Con l’entrata in vigore del decreto legislativo 231/2017 del 9 maggio 2018, è necessario assicurare un’adeguata informazione sugli alimenti ai consumatori. Quindi anche per gli allergeni alimentari nei ristoranti.
Infatti il decreto adegua la normativa nazionale a quella europea e sanziona la violazione delle disposizioni previste dal Regolamento UE 1169/2011.

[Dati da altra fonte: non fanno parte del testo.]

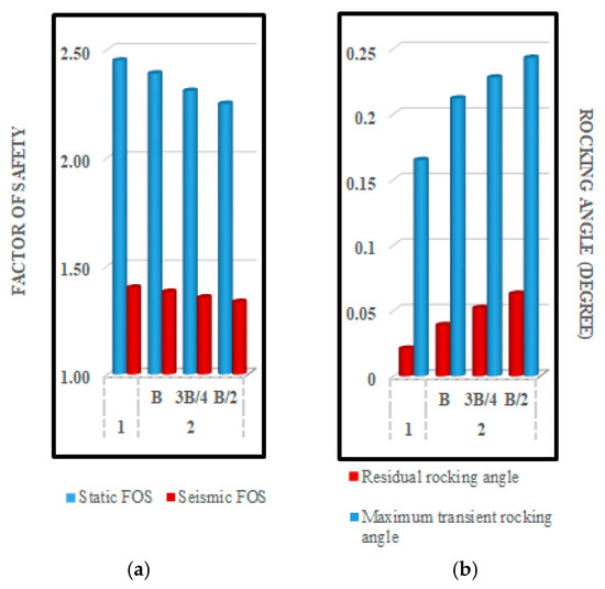 4. Increasing slope deformations led to higher vertical deformations in the soil under the building nearest to the slope, and as a result, the foundation rocking angle intensified. The correspondence between the FOS of the slope and the foundation rocking angle is shown in Figure 14. A similar tendency to the slope deformations occurs when the number of buildings increases and the distance between the buildings decreases; the maximum transient and residual foundation rocking angles at the foundation of the building nearest to the slope are presented in Figure 15. Increased rocking worsens the superstructure seismic performance. In the scope of this study, it has been proved once again that rocking increases in the superstructure under the slope effect. It is also understood that the rocking element characteristic has a significant effect on the superstructure seismic performance. Figure 15 shows that at the distance where the adjacent building is nearest to the slope (i.e., 2-B/2), generally, higher foundation rocking angles were calculated during the earthquake duration. The lowest foundation rocking angles were calculated when the building nearest to the slope was alone (i.e., 1). The maximum foundation rocking angle calculated at 2-B/2 (i.e., 0.24°%) is 41.18% higher than that calculated at 1 (i.e., 0.17°%).

In particolare esso prevede multe dai 3.000 ai 24.000 euro per i ristoratori che omettono di indicare per iscritto, in modo chiaro e immediato, la lista degli allergeni presenti nei cibi somministrati e/o venduti. Si tratta non solo di ristoranti, ma anche di agriturismi, bar, mense e in generale di ogni esercizio di somministrazione di alimenti e bevande. Tuttavia esiste la possibilità di ridurre la sanzione pecuniaria fino ad un terzo per le microimprese.
Obbligo di indicazione degli allergeni sul menu ristorante
Per informare il cliente sugli allergeni alimentari nei ristoranti o in altro luogo simile, l’operatore deve fornire al cliente un registro, denominato agenda degli allergeni. Ma può riportare le avvertenze anche direttamente sul menu o altro, come i cartelloni. Comunque è importante che tale comunicazione sia scritta e facilmente reperibile dai consumatori e dalle autorità di controllo.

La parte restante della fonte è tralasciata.